O CONTINENTE AFRICANO: PERFIL GEOGRÁFICO*

  

         A África, com 30.258.752 km², é o terceiro maior continente em superfície, sendo menor do que a Ásia (43 milhões) e as Américas (42 milhões) e três vezes maior do que a Europa, embora com aproximadamente a mesma população: 800 milhões de habitantes. Concentra apenas cerca de 13% da população mundial; a sua taxa de crescimento, no entanto, é a mais alta do planeta, com média de 2,9%.

         A distância de um lugar do interior até o mar pode alcançar perto de 1.500 km, enquanto que na Europa o máximo é de cerca de 500 km. Predominam os planaltos e a altitude média do continente o que possibilita ao continente ser o maior potencial hidrelétrico do mundo, com destaque para a República democrática do Congo (ex-Zaire; daqui em diante Congo - Zaire).

         O único rio que corre para o norte é o Nilo, o maior do mundo, atravessa o Sudão e o Egito, antes de desaguar no Mediterrâneo.  

         A África tem 75% da sua superfície situada entre trópicos. Somente as suas extremidades (toda a África do Norte e uma parte da República da África do Sul) se encontram em regiões temperadas, de clima mediterrânico. É o mais quente do continente.

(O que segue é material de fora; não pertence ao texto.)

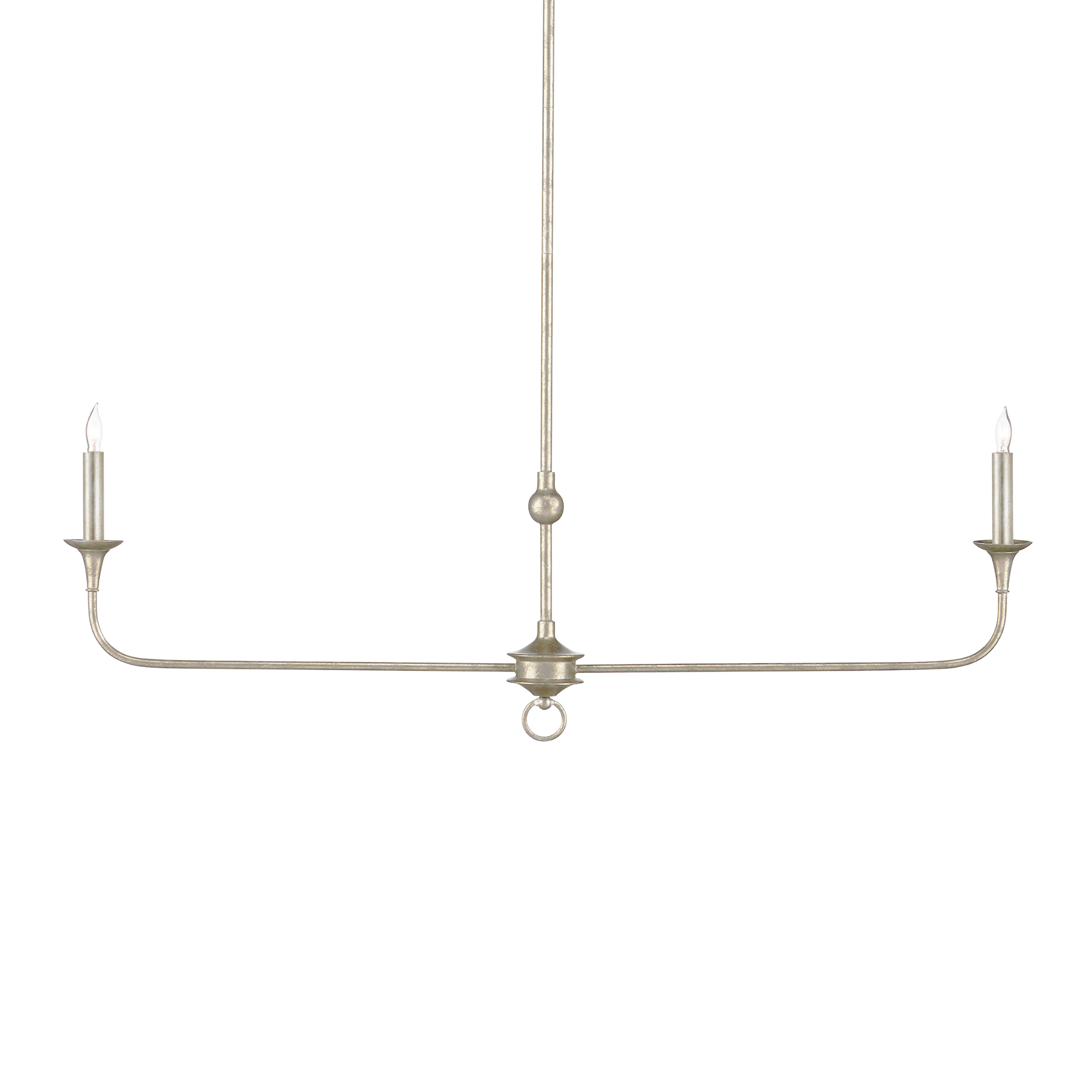 The arms of the Nottaway Linear Champagne Chandelier stretch gracefully from a petite cog at the bottom of its long, thin stem, which is ornamented with a dainty ring. Though the silver chandelier has minimalist lines, there is a sweeping fluidity to its profile that makes it a natural choice for above kitchen islands and bars or long dining room tables. The finish on the wrought iron frame brings textural interest to this dimmable two-light fixture.

         O clima tropical úmido é parecido com o equatorial pela abundancia das chuvas, mas já apresenta uma estação seca. O clima salesiano (próximo a região do Sael, nas “margens” do deserto do Saara) marca a transição para o clima desértico. O Saara é o, maior dos desertos; seus cerca de 8 milhões de km² o fazem do tamanho do Brasil. Ele faz vizinhança, a leste, com os desertos da Líbia e da Núbia. Ao sul temos os desertos da Namibe e do Calaári.

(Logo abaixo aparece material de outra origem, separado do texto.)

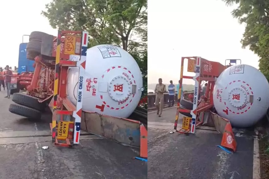 കണ്ണൂരിൽ ഗ്യാസ് ടാങ്കർ നിയന്ത്രണം വിട്ടു മറിഞ്ഞ് മൂന്ന് വാഹനങ്ങളിൽ ഇടിച്ചു

         A cobertura vegetal desempenhou um papel importante na história africana e freqüentemente dificultou o deslocamento e a subsistência das populações.

         Na área central do continente, temos a floresta densa, ou “virgem”, própria da região equatorial; a floresta “clara” é a mais encontrada nas regiões de clima tropical úmido. A formação vegetal mais comum no continente é a savana, com gramíneas e pequenos arbustos e sujeita a longos períodos de seca; é típica dos planaltos.

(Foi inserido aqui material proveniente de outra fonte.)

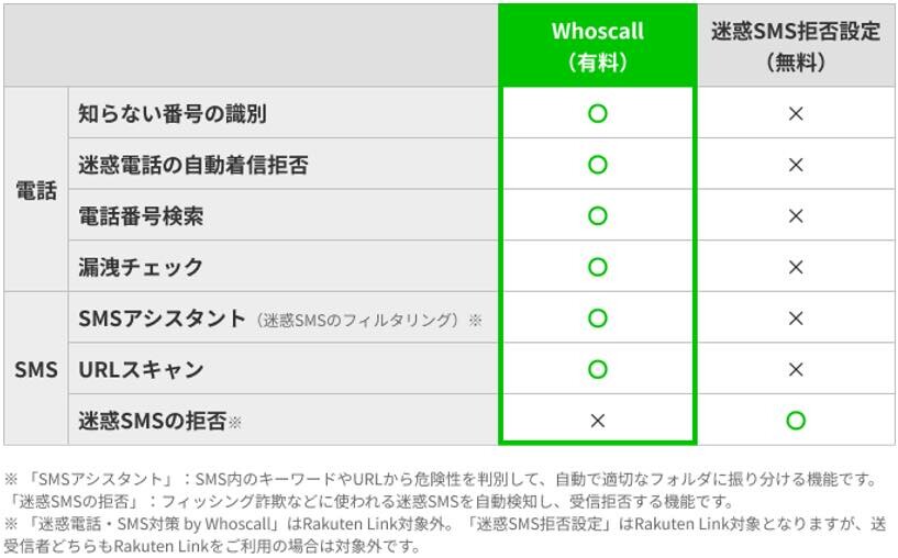 なお、標準の電話アプリでの通話着信・SMSでの受信にのみ対応しており、スマートフォン(スマホ)など向けアプリ「Rakuten Link」での着信やSMSは検知対象外となります。申込はオンラインサポート「my 楽天モバイル」のWeb版から行い、スマホなど向けアプリ「my 楽天モバイル」からは申し込めないのでご注意ください。その他、迷惑電話・SMS対策 by WhoscallはGogolookとの契約に基づいて楽天モバイルが提供し、楽天モバイルは「Whoscall」の取り扱い事業者として利用者からの申し込みの取り扱いなどを行う形となっています。

         O deserto do Saara é um exemplo da adversidade geográfica na história do desenvolvimento do continente. Há pouco mais de 2.500 anos, ele se constituía de uma área verdejante. O seu ressecamento isolou a África Subsaariana da África do Norte e, em conseqüência, das civilizações do Mediterrâneo. A introdução do camelo e a invasão árabe no século VII possibilitaram a ligação entre essas duas partes do continente.  

 (*) Texto adaptado de PEREIRA, José Maria Nunes. O continente africano: Perfil histórico e abordagem geopolítica das macroregiões. In BELUCCI, Beluce (org). Introdução à história da África e da cultura afro-brasileira. Centro de Estudos Afro-Asiáticos – UCAM/ Centro Cultural Banco do Brasil. Rio de Janeiro, 2003 p. 10-11.